Segment Open

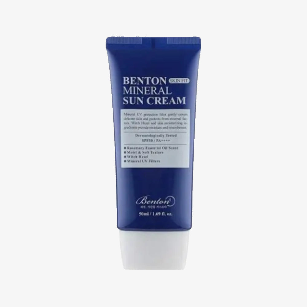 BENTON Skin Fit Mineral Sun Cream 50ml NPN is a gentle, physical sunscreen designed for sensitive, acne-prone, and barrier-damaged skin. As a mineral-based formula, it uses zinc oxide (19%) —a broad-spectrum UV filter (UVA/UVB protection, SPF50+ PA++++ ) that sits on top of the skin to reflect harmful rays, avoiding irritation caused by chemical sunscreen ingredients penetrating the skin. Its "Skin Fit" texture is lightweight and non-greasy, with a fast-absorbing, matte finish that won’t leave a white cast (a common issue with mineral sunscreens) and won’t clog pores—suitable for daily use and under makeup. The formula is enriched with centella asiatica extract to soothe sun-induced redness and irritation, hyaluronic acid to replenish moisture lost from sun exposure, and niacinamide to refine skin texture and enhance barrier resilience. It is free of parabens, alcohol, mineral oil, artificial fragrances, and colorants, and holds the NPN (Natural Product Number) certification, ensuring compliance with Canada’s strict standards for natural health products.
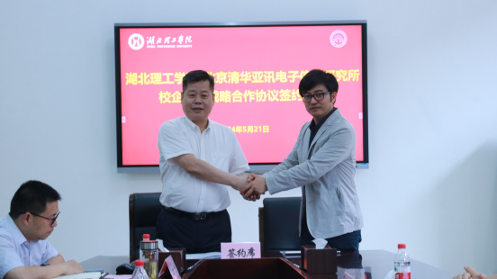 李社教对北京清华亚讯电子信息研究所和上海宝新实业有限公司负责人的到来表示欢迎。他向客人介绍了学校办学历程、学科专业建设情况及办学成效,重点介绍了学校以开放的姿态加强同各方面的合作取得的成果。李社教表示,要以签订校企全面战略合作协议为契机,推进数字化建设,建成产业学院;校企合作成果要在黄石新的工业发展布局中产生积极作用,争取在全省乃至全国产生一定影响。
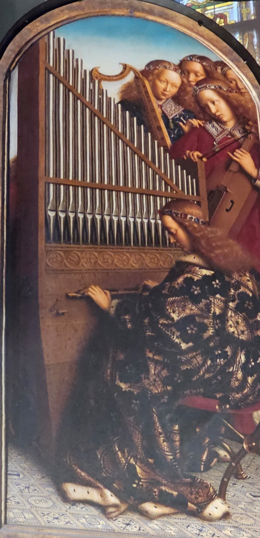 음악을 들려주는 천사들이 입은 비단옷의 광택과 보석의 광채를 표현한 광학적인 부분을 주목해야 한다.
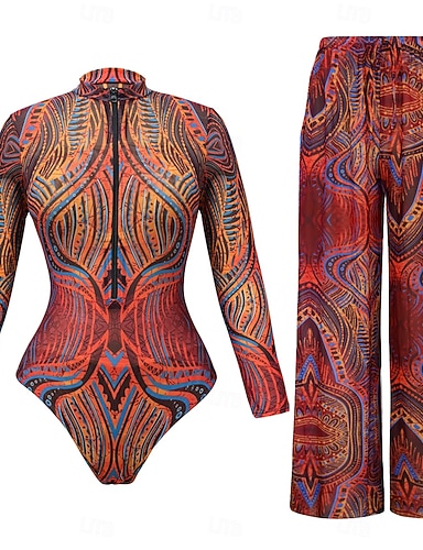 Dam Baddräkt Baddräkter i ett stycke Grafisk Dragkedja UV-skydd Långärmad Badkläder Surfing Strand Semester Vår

Segment Closed

Exercise details: Every line above is to be repeated exactly, but no picture is to appear in the copy.

Result of this exercise:
 BENTON Skin Fit Mineral Sun Cream 50ml NPN is a gentle, physical sunscreen designed for sensitive, acne-prone, and barrier-damaged skin. As a mineral-based formula, it uses zinc oxide (19%) —a broad-spectrum UV filter (UVA/UVB protection, SPF50+ PA++++ ) that sits on top of the skin to reflect harmful rays, avoiding irritation caused by chemical sunscreen ingredients penetrating the skin. Its "Skin Fit" texture is lightweight and non-greasy, with a fast-absorbing, matte finish that won’t leave a white cast (a common issue with mineral sunscreens) and won’t clog pores—suitable for daily use and under makeup. The formula is enriched with centella asiatica extract to soothe sun-induced redness and irritation, hyaluronic acid to replenish moisture lost from sun exposure, and niacinamide to refine skin texture and enhance barrier resilience. It is free of parabens, alcohol, mineral oil, artificial fragrances, and colorants, and holds the NPN (Natural Product Number) certification, ensuring compliance with Canada’s strict standards for natural health products.
 李社教对北京清华亚讯电子信息研究所和上海宝新实业有限公司负责人的到来表示欢迎。他向客人介绍了学校办学历程、学科专业建设情况及办学成效,重点介绍了学校以开放的姿态加强同各方面的合作取得的成果。李社教表示,要以签订校企全面战略合作协议为契机,推进数字化建设,建成产业学院;校企合作成果要在黄石新的工业发展布局中产生积极作用,争取在全省乃至全国产生一定影响。
 음악을 들려주는 천사들이 입은 비단옷의 광택과 보석의 광채를 표현한 광학적인 부분을 주목해야 한다.
 Dam Baddräkt Baddräkter i ett stycke Grafisk Dragkedja UV-skydd Långärmad Badkläder Surfing Strand Semester Vår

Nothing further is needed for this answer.